The answer should hold only the lines from the beginning of the listing below to the line containing "手臂遨游的鲸鱼水彩纹身图片", both included, with every picture left out.

[EXERCISE DATA — start]

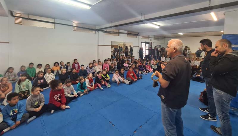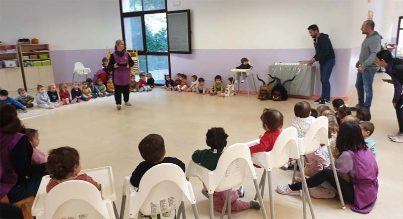 La trobada amb l’alumnat s’ha realitzat en dos torns, cada un d’ells en el gimnàs. Primer amb els alumnes d’Educació Infantil i després amb els de Primària.
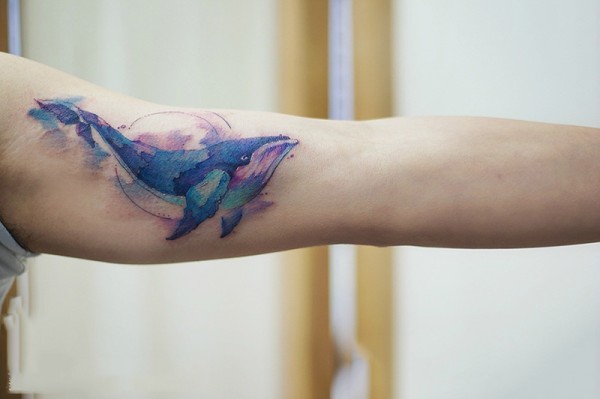 手臂遨游的鲸鱼水彩纹身图片
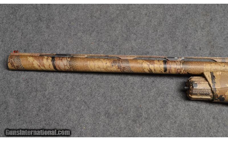 Description: This semi-automatic shotgun is a Beretta A400 Xtreme, chambered in 12 gauge. It has a 26" camouflaged steel barrel with a vented rib, a fiber optic front sight, and camouflaged polymer furniture with black rubber hand grips. This Beretta A400 Xtreme is in very good condition with few signs of use or wear. Comes with a case. SOLD Caliber Info: 12 gauge. Chambers: Semi-automatic shotgun. Metal Condition: Very good. Few signs of wear or usage. Wood Condition: Very good. Few signs of wear or usage. Bore Condition: Good. Barrels: 26" camouflaged steel barrel with a vented rib. Triggers: Single metal trigger. Stock: Camouflaged polymer stock with black rubber grip and cheek rest, elastic shell holder on stock. Stock Dimensions: 14-1/2" LOP, 1-1/2 DAC, 2-1/4" DAH. Fore End: Camouflaged polymer fore end with black rubber hand grip. Butt Pad: 1/2" black rubber Beretta recoil pad. Weight: 7lbs-12oz. Sights: Fiber optic front sight. Chokes: Improved modified choke in the barrel. Extras: Comes with a case. Item Location: Wichita, KS |
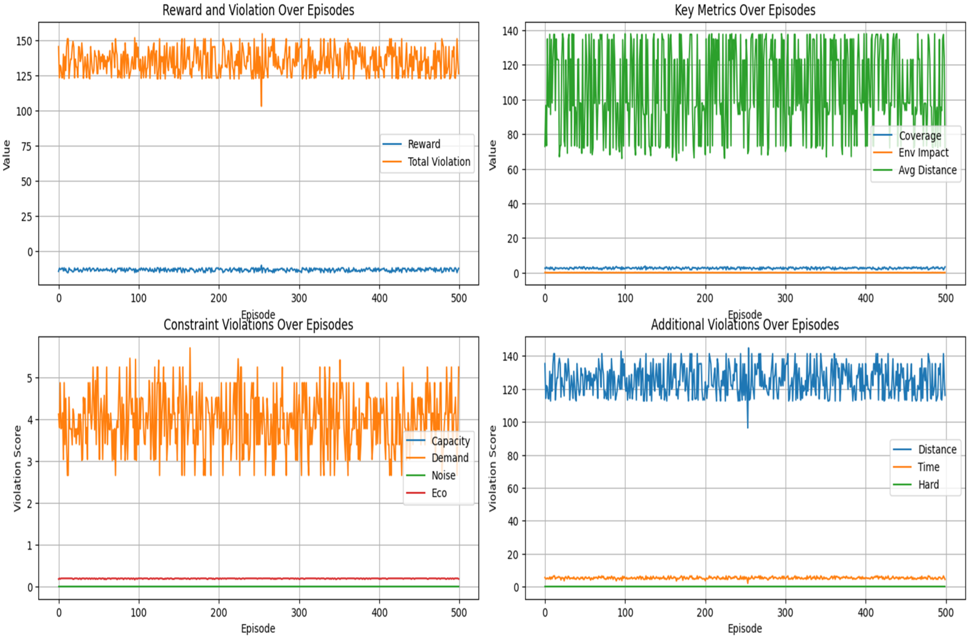 - Train Reinforcement Learning (RL) agents to dynamically reconfigure hub activation and routing in response to disruptions (e.g., demand spikes) while optimizing cost, emissions, and service reliability.

[EXERCISE DATA — finish]

## OUTPUT
 La trobada amb l’alumnat s’ha realitzat en dos torns, cada un d’ells en el gimnàs. Primer amb els alumnes d’Educació Infantil i després amb els de Primària.
 手臂遨游的鲸鱼水彩纹身图片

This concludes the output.